When all 17 BACs are reassembled in batch, observed assembly errors are the results of tandem duplications and simple sequence repeats. Analysis of the re-assembled BAC gmw1-103e11 shows that tandem duplications of genes such as the PPR-like genes with sequence identity greater than 95% may cause assembly issues. Using a standard set of parameters, clone pairs cannot be distinguished, especially when the repeat is larger than the sequence reads (generally over 500 bp). The parameter set that better resolves tandem repeats may not be the appropriate parameter set for all assemblies; as a result, hand assembly of these regions may be necessary for completion of genome assembly. Similarly, large simple sequence repeats may cause incorrect merging of regions. It should be noted however, if there are homeologous regions of the soybean genome that are conserved with greater than 95% sequence identity, they will likely behave in a manner similar to tandem duplications and may be more difficult to distinguish.
What was not observed in the batch reassembly was errors caused by retrotransposon sequences. In soybean, many of the potential retrotransposons have not been characterized although a number of studies are underway to identify repetitive sequences in soybean Marek et al. unpublished results . This analysis, with one exception, did not identify BACs that contained numerous repetitive sequences; instead they were found to be gene rich. BAC gmw1-45m6  does contain numerous LTR retrotransposons, but re-assembly of this BAC showed few errors. Cytogenetic studies have shown that the high-copy sequences in soybean are highly concentrated to centromeric and pericentromeric regions [24, 56]. In addition, ongoing analysis of repetitive sequence in soybean shows that it is primarily in the centric, telomeric and nucleolar organizing regions of the genome (Gill et al. unpublished results) . Contrary to maize or some species of rice [10, 57], no evidence for a large burst of retrotransposon activity has been found in soybean. It is likely then, that in the context of WGS assembly, retrotransposon sequences in most cases will not affect assembly of genic regions.

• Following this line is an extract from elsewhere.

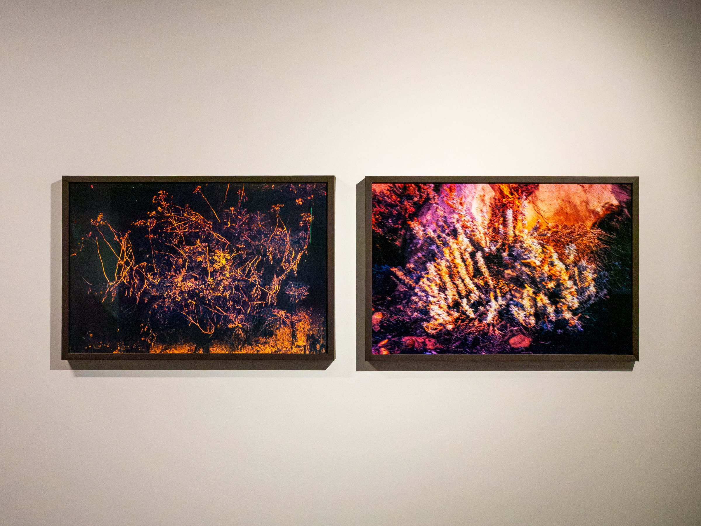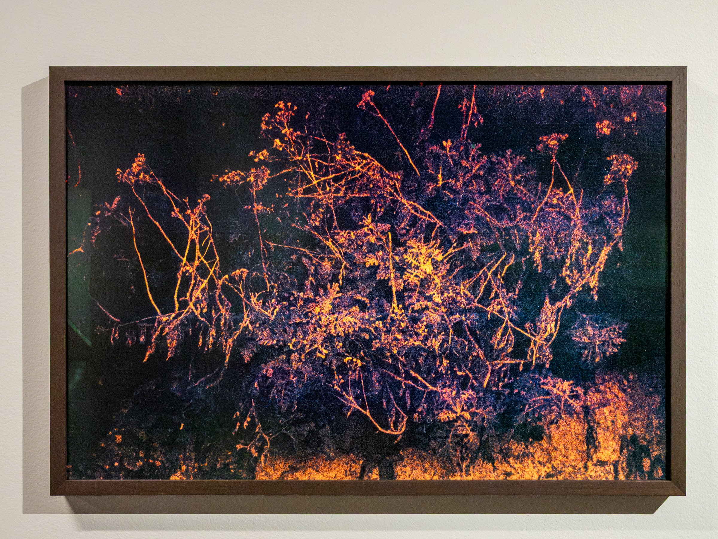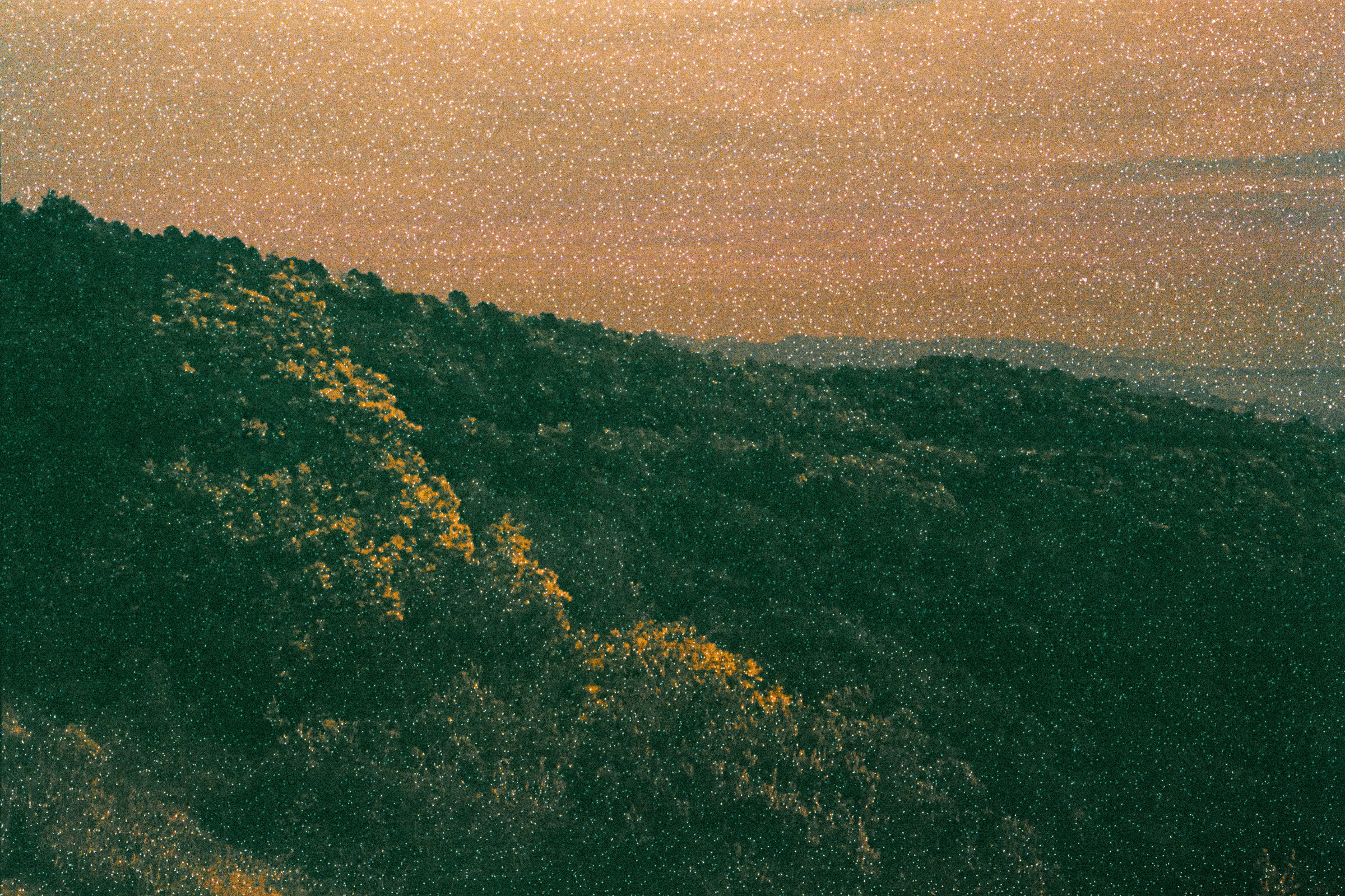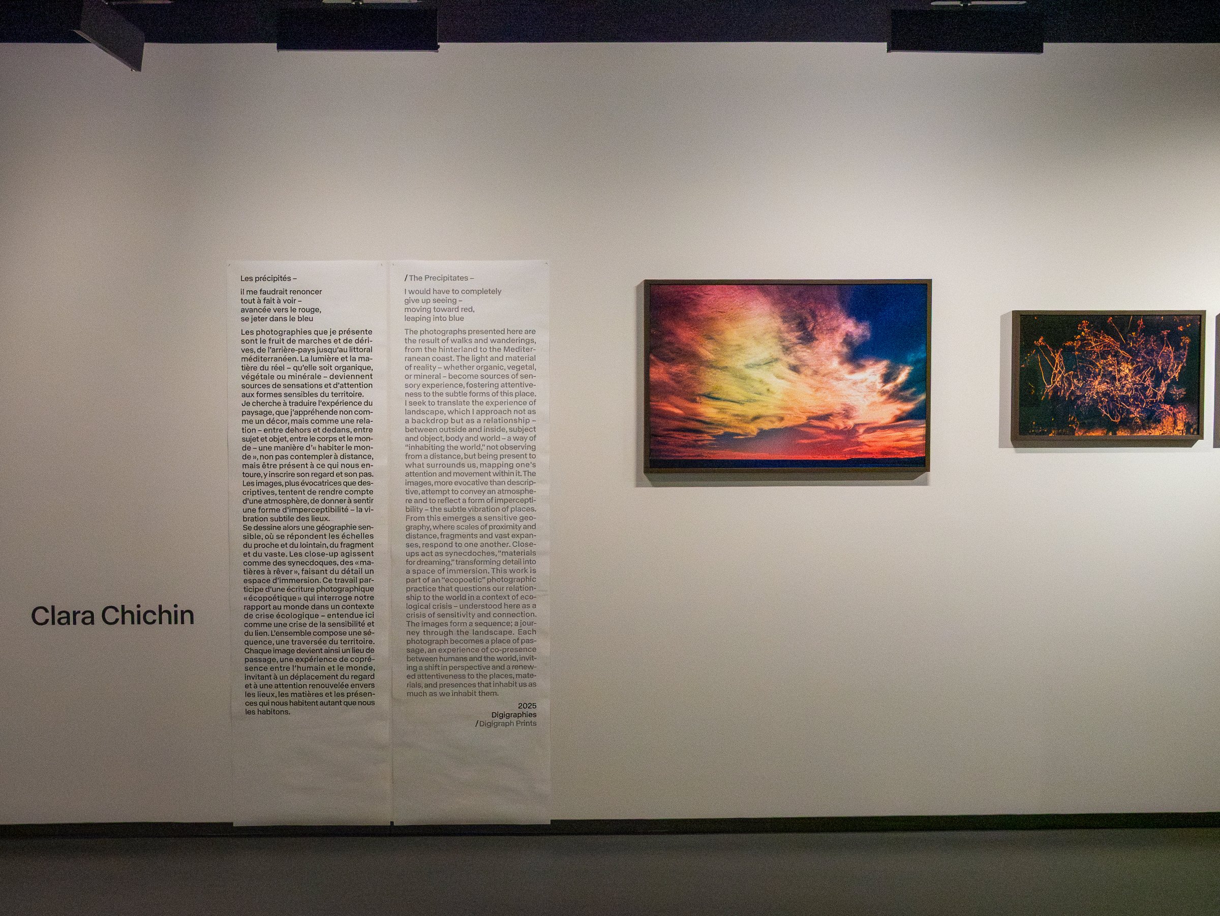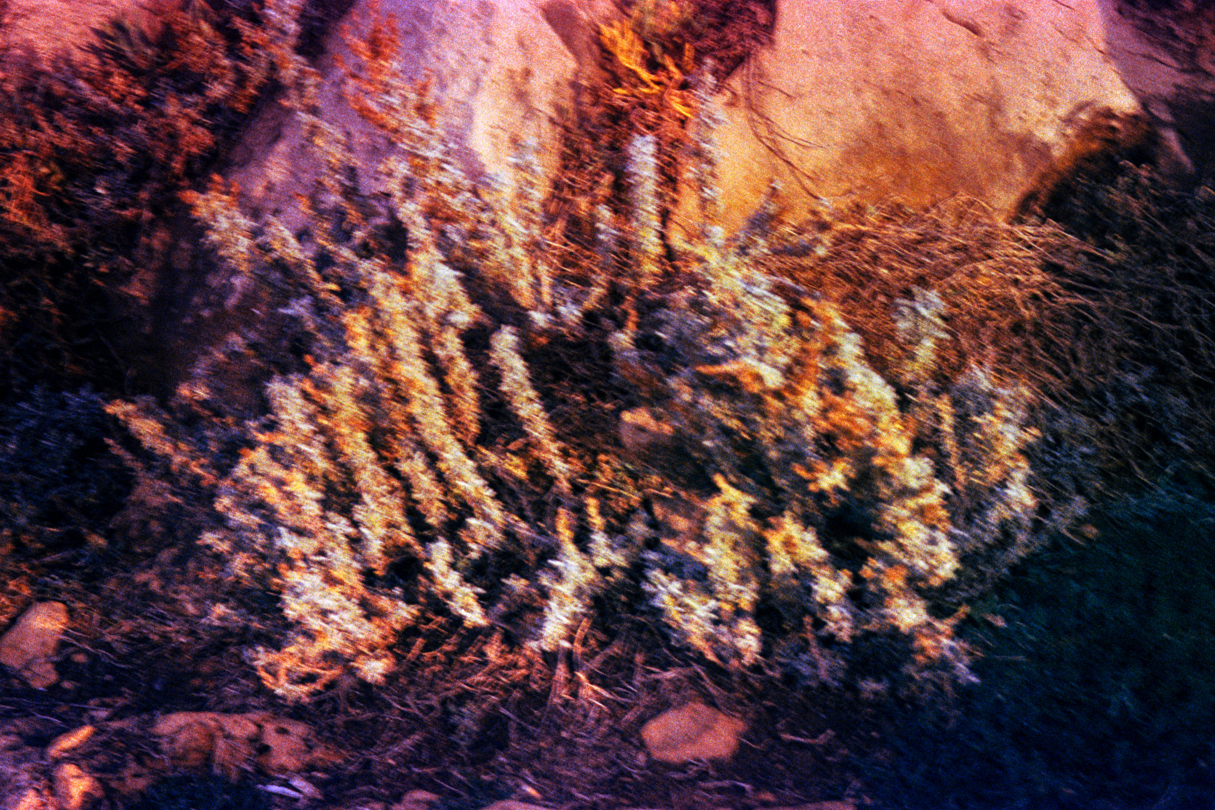 Ce travail a été réalisé grâce au Centre de la photographie de Mougins, sur invitation de Yasmine Chemali et François Cheval. J’y ai poursuivi mes recherches autour de la couleur, de la lumière et de l’expérience du paysage comme traversée sensible. Les images naissent de déambulations attentives aux variations chromatiques et aux zones de bascule entre saturation et effacement. Le paysage y est moins un motif qu’une matière en transformation continue, affectant le regard et le corps. Cette série prolonge mon intérêt pour une photographie de l’impression, où la couleur devient expérience. La déambulation s’est faite de l’arrière-pays vers le littoral méditerranéen. La matière du réel devient source de sensations, d’impressions et d’attention aux formes sensibles du territoire. Je cherche à traduire le paysage comme relation – entre dehors et dedans, entre le corps et le monde – une manière d’« habiter le monde », y inscrire son regard et son pas. Les images, évocatrices, rendent compte d’une atmosphère et de l’imperceptible – la vibration subtile des lieux. Close-up et détails deviennent des « matières à rêver », invitant à une immersion sensible et poétique.

Preliminary analysis of contigs generated from JGI trace files give an estimation of what repetitive sequences will need to be screened for during WGS assembly (Figure 4). Even though the 80,000 JGI traces were prescreened against characterized soybean repeats, those trace files that contain a fragment of a repeat are passing through the screening process. Further, there are enough sufficient sequences that assemble to regenerate the original repetitive sequence into a contig, or at least enough of the sequence to match back to characterized repeats. One previously noted consequence of WGS assembly is that the exclusion of transposable element sequences and repetitive sequences during assembly has the effect of eliminating genes that might be found in these regions . In this case, genic sequences that flank or are contained in repetitive regions may be able to pass through the repeat screening such that they become part of the assembly. A balance between screening for repetitive sequences during WGS assembly while not excluding genic information will need to be found.